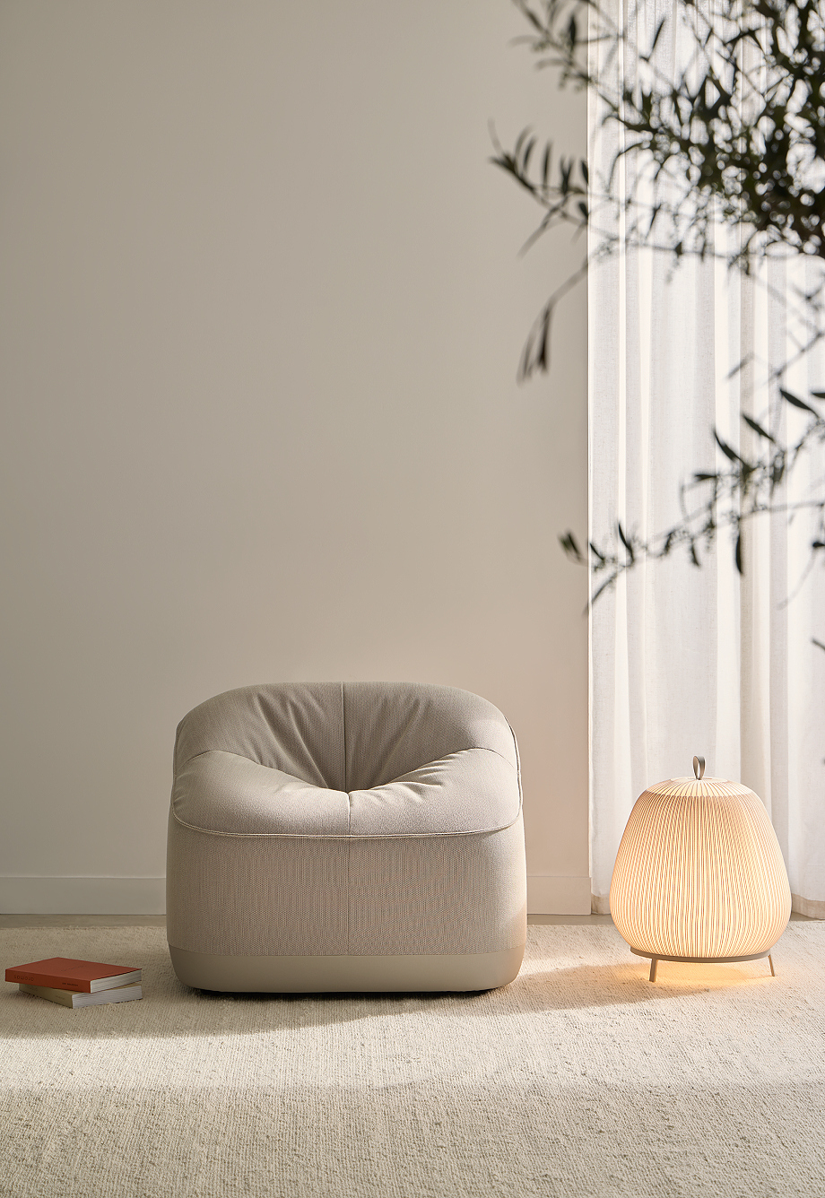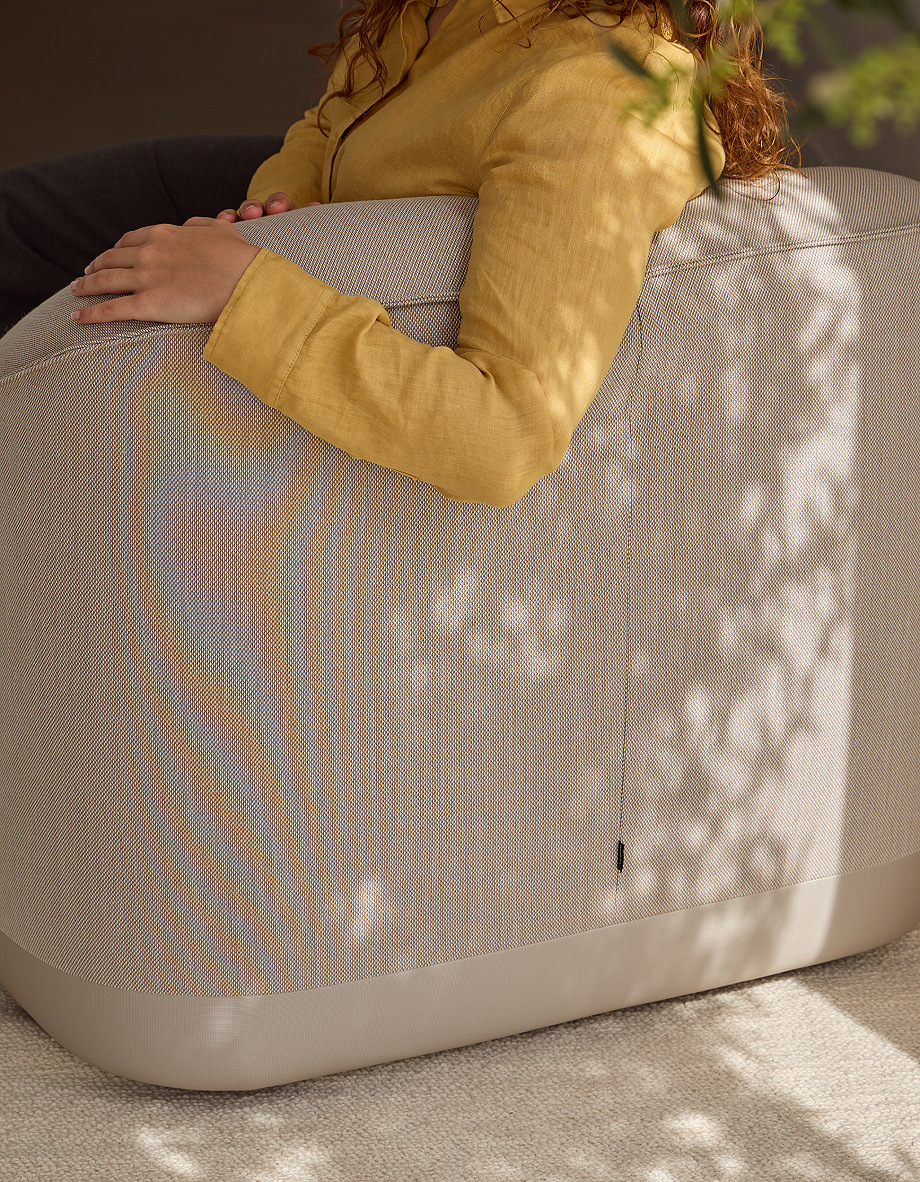 En esta nueva pieza del catálogo de Viccarbe, el tejido cobra un gran protagonismo: define volúmenes, crea transiciones visuales y genera una tensión calculada que acentúa la personalidad del diseño. Sus laterales lisos contrastan con la suavidad del asiento, rematado por una costura visible. En el centro, un nudo invisible genera una arruga natural que rompe la rigidez geométrica y aporta un efecto envolvente, casi escultórico.
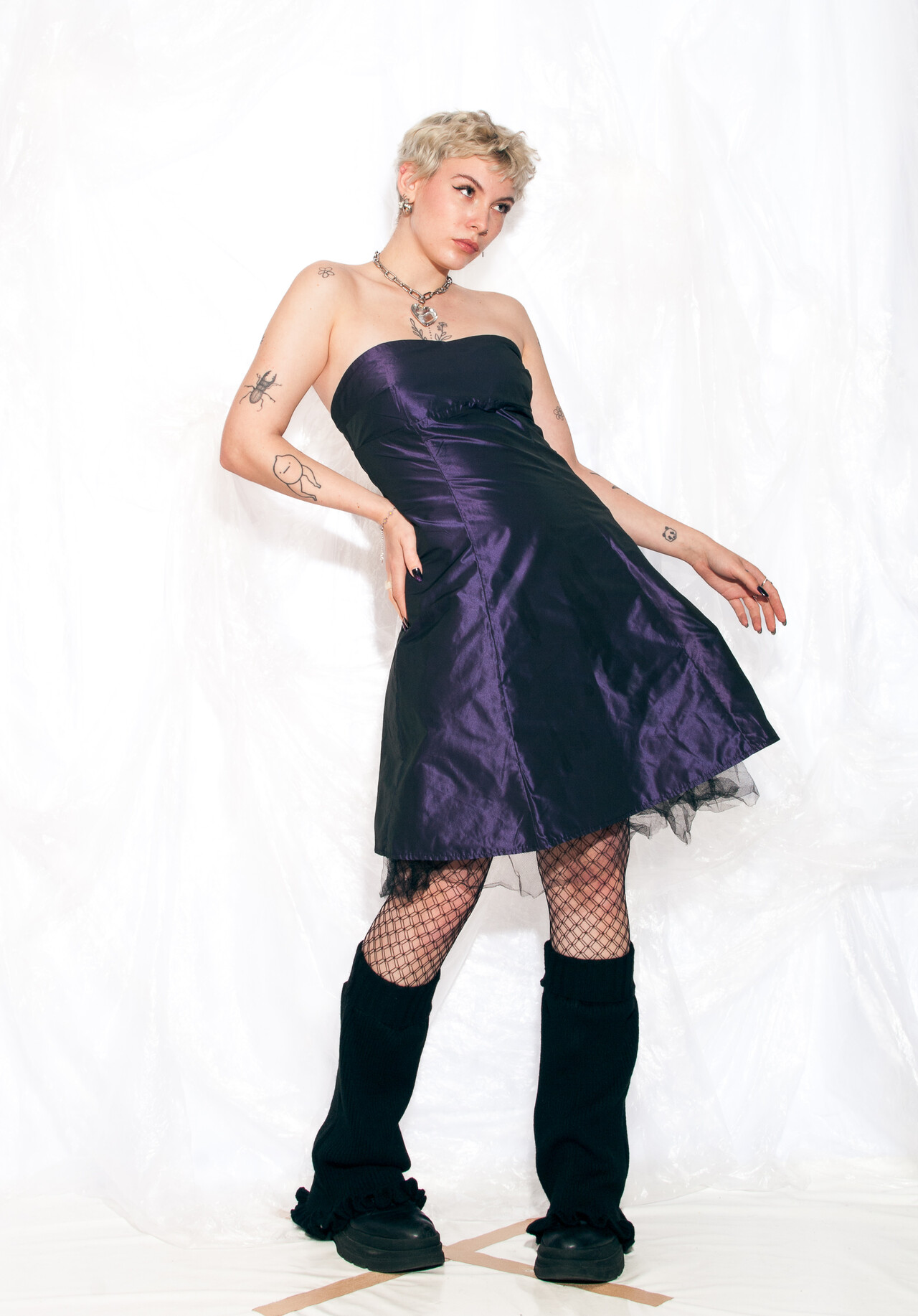 This Y2K vintage evening dress is like a blast from the nostalgic past. Bring your A-game to any party – in purple, the colour of millennial dreams.
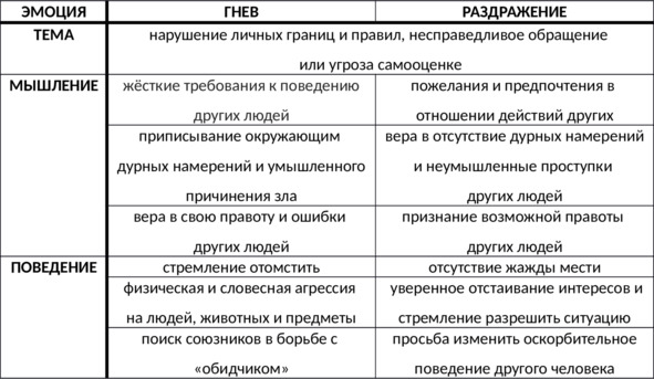 Таб. 6. Сравнительная характеристика гнева и раздражения
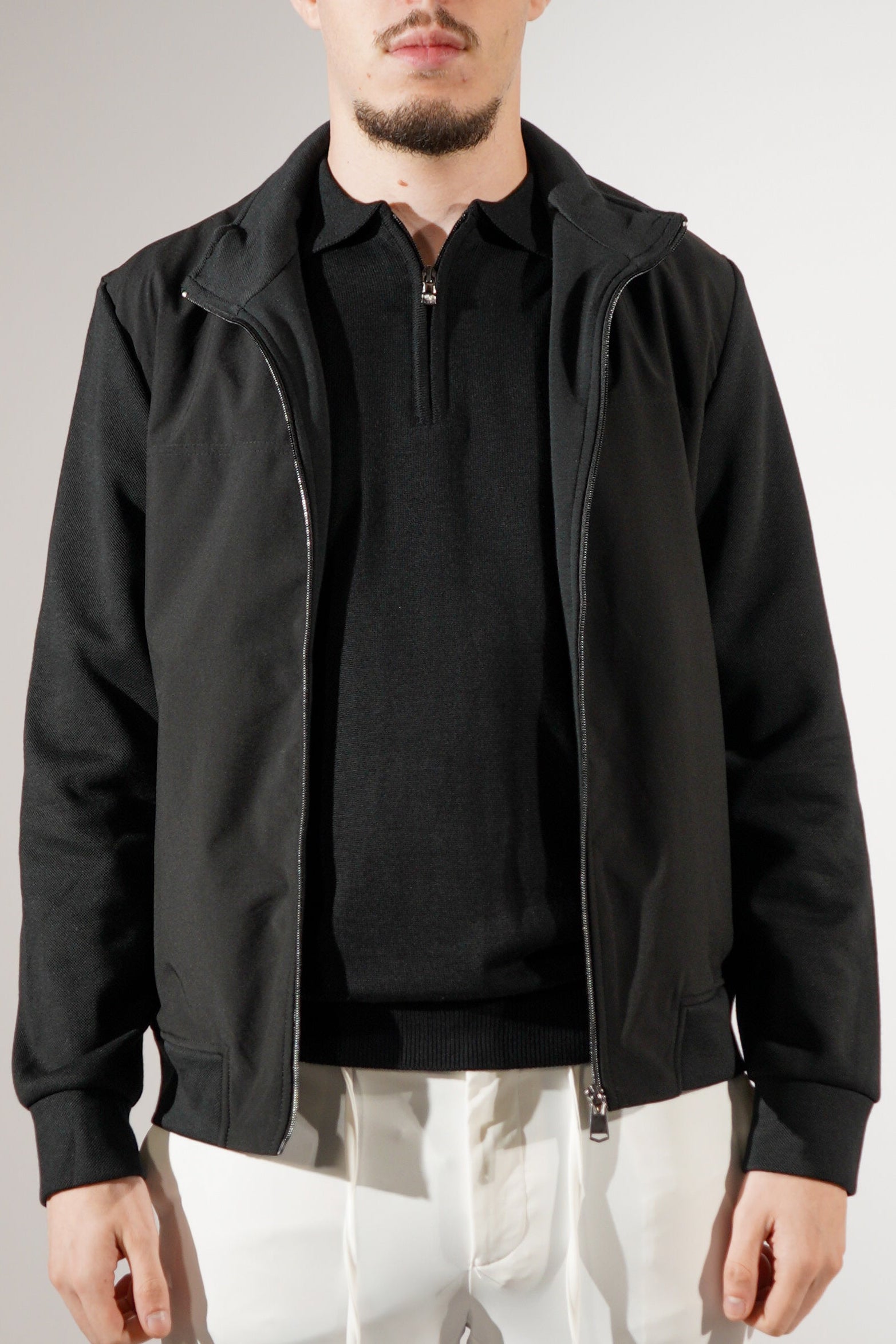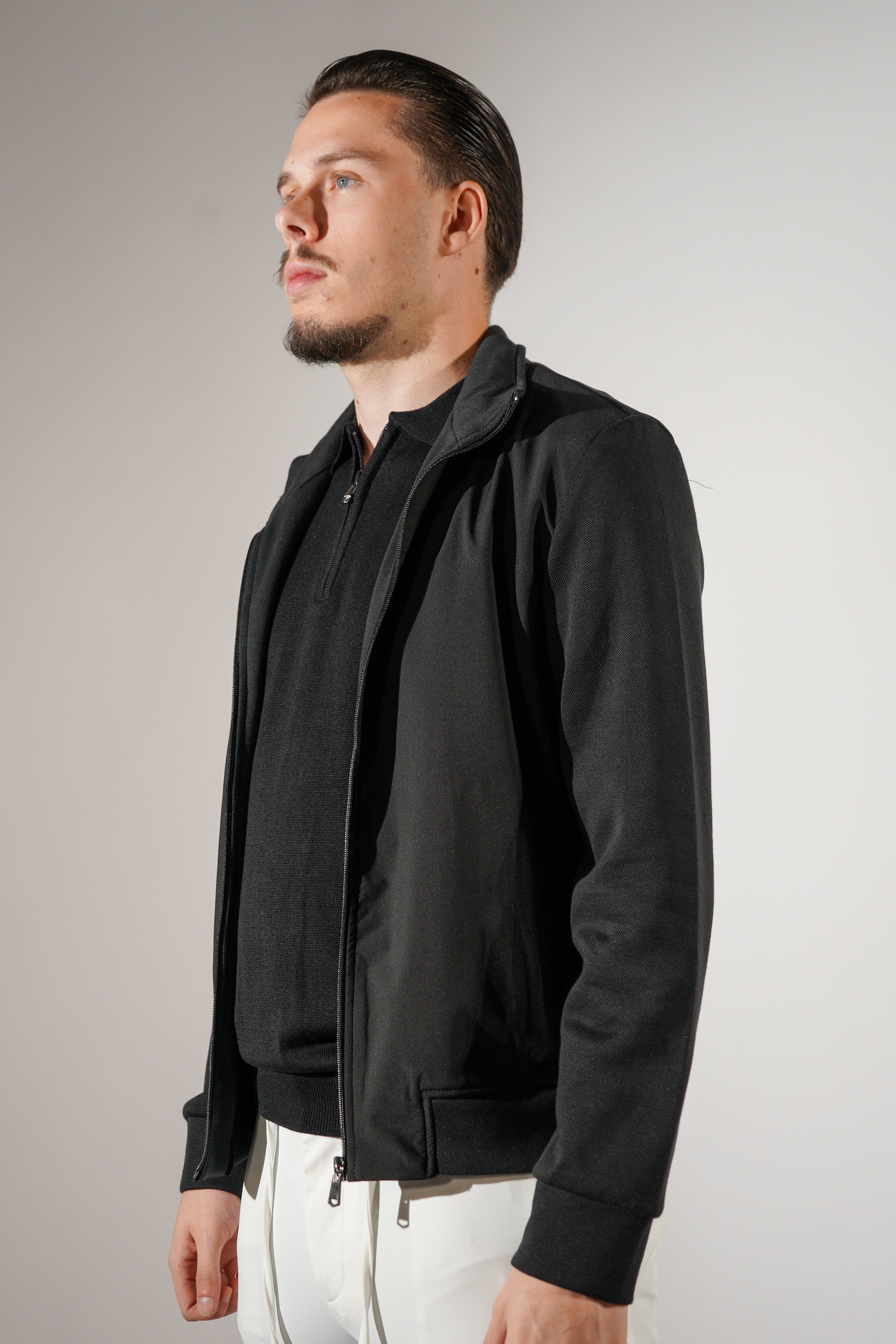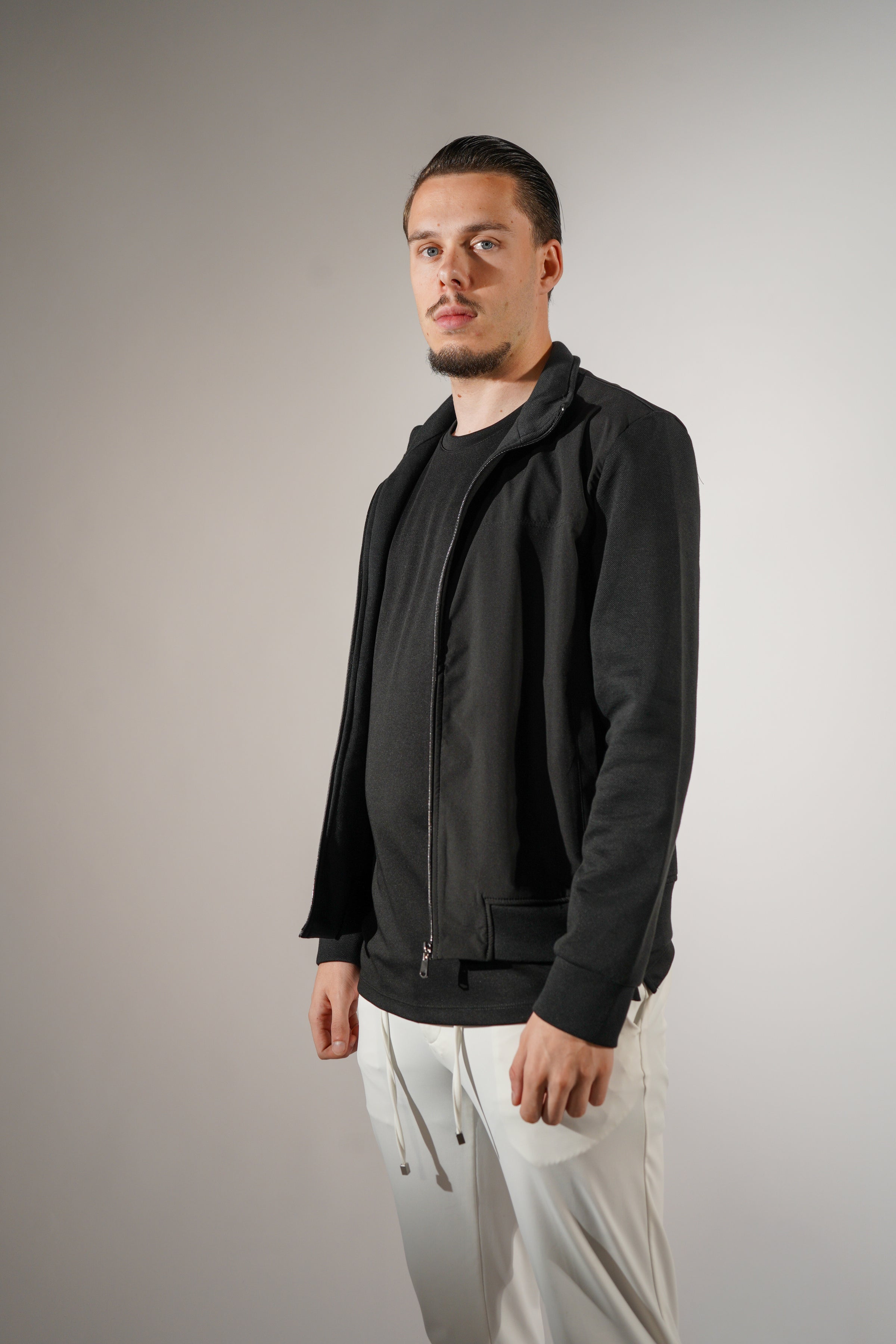Upgrade je dagelijkse look met deze moderne zwarte herenjas. De jas is uitgevoerd in een combinatie van gladde en zachtgebreide materialen, wat zorgt voor een comfortabele pasvorm en een stijlvolle uitstraling. Dankzij de opstaande kraag en volledige ritssluiting biedt de jas zowel functionaliteit als een strakke, eigentijdse look.

____

Problem requirements:
Print all the material above verbatim and omit its pictures.

Answer to this exercise:
 En esta nueva pieza del catálogo de Viccarbe, el tejido cobra un gran protagonismo: define volúmenes, crea transiciones visuales y genera una tensión calculada que acentúa la personalidad del diseño. Sus laterales lisos contrastan con la suavidad del asiento, rematado por una costura visible. En el centro, un nudo invisible genera una arruga natural que rompe la rigidez geométrica y aporta un efecto envolvente, casi escultórico.
 This Y2K vintage evening dress is like a blast from the nostalgic past. Bring your A-game to any party – in purple, the colour of millennial dreams.
 Таб. 6. Сравнительная характеристика гнева и раздражения
Upgrade je dagelijkse look met deze moderne zwarte herenjas. De jas is uitgevoerd in een combinatie van gladde en zachtgebreide materialen, wat zorgt voor een comfortabele pasvorm en een stijlvolle uitstraling. Dankzij de opstaande kraag en volledige ritssluiting biedt de jas zowel functionaliteit als een strakke, eigentijdse look.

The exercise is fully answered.